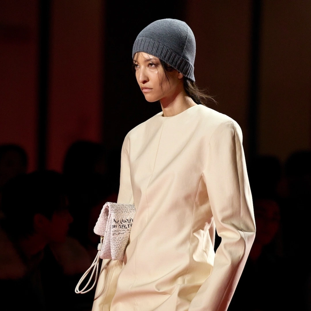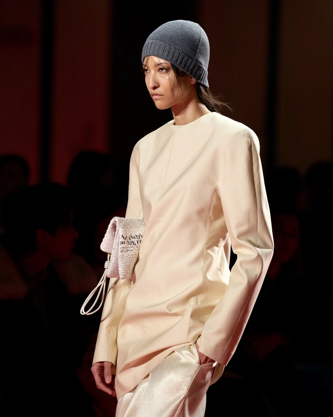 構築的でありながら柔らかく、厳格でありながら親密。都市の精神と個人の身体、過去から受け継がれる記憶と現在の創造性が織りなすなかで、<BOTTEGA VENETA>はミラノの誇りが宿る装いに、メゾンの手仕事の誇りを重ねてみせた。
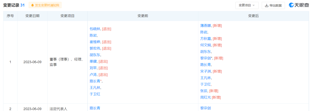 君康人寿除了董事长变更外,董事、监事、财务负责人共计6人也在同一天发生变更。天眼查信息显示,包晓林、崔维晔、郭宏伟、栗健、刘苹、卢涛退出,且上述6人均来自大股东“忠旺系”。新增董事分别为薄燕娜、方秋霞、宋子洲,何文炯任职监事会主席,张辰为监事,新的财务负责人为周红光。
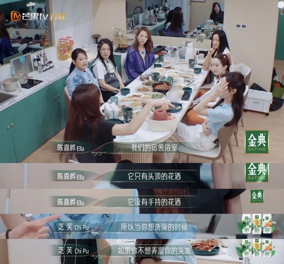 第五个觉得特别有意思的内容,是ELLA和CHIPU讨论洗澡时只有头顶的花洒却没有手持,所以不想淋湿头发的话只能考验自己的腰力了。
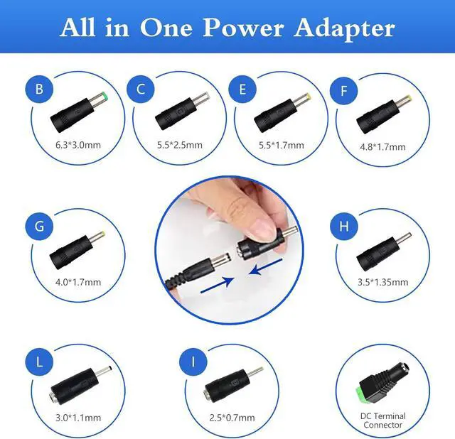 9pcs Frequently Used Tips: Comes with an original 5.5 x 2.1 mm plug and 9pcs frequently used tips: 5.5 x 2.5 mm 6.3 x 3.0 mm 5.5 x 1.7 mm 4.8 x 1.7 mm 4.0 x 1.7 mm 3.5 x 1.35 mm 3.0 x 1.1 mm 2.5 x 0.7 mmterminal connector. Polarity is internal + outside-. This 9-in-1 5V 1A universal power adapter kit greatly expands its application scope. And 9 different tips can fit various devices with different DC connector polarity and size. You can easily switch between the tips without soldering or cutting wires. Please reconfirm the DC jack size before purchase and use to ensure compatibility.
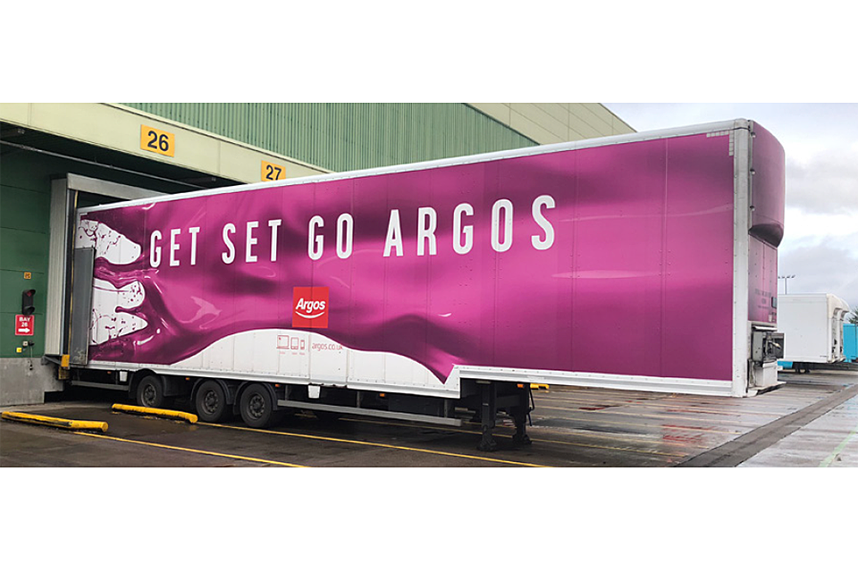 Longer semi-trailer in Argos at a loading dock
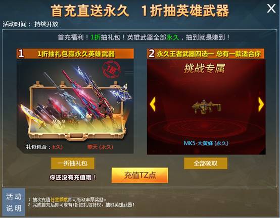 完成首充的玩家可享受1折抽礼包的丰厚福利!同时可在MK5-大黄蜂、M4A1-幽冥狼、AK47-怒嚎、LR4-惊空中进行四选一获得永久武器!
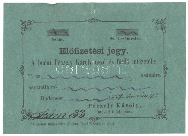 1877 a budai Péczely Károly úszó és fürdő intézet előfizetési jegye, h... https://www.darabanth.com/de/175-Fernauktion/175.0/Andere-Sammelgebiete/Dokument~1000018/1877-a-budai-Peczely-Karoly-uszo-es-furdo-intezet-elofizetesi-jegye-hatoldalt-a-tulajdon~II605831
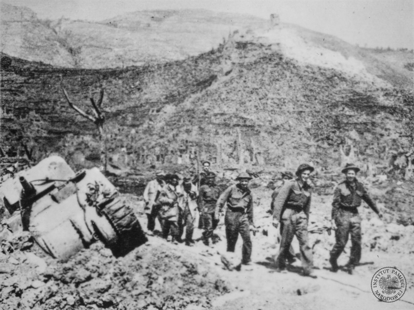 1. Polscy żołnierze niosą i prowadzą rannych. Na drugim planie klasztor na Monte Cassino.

### Exercise instructions
Each entry must be reproduced word for word, and any image among them left out.

### Task solution
 構築的でありながら柔らかく、厳格でありながら親密。都市の精神と個人の身体、過去から受け継がれる記憶と現在の創造性が織りなすなかで、<BOTTEGA VENETA>はミラノの誇りが宿る装いに、メゾンの手仕事の誇りを重ねてみせた。
 君康人寿除了董事长变更外,董事、监事、财务负责人共计6人也在同一天发生变更。天眼查信息显示,包晓林、崔维晔、郭宏伟、栗健、刘苹、卢涛退出,且上述6人均来自大股东“忠旺系”。新增董事分别为薄燕娜、方秋霞、宋子洲,何文炯任职监事会主席,张辰为监事,新的财务负责人为周红光。
 第五个觉得特别有意思的内容,是ELLA和CHIPU讨论洗澡时只有头顶的花洒却没有手持,所以不想淋湿头发的话只能考验自己的腰力了。
 9pcs Frequently Used Tips: Comes with an original 5.5 x 2.1 mm plug and 9pcs frequently used tips: 5.5 x 2.5 mm 6.3 x 3.0 mm 5.5 x 1.7 mm 4.8 x 1.7 mm 4.0 x 1.7 mm 3.5 x 1.35 mm 3.0 x 1.1 mm 2.5 x 0.7 mmterminal connector. Polarity is internal + outside-. This 9-in-1 5V 1A universal power adapter kit greatly expands its application scope. And 9 different tips can fit various devices with different DC connector polarity and size. You can easily switch between the tips without soldering or cutting wires. Please reconfirm the DC jack size before purchase and use to ensure compatibility.
 Longer semi-trailer in Argos at a loading dock
 完成首充的玩家可享受1折抽礼包的丰厚福利!同时可在MK5-大黄蜂、M4A1-幽冥狼、AK47-怒嚎、LR4-惊空中进行四选一获得永久武器!
 1877 a budai Péczely Károly úszó és fürdő intézet előfizetési jegye, h... https://www.darabanth.com/de/175-Fernauktion/175.0/Andere-Sammelgebiete/Dokument~1000018/1877-a-budai-Peczely-Karoly-uszo-es-furdo-intezet-elofizetesi-jegye-hatoldalt-a-tulajdon~II605831
 1. Polscy żołnierze niosą i prowadzą rannych. Na drugim planie klasztor na Monte Cassino.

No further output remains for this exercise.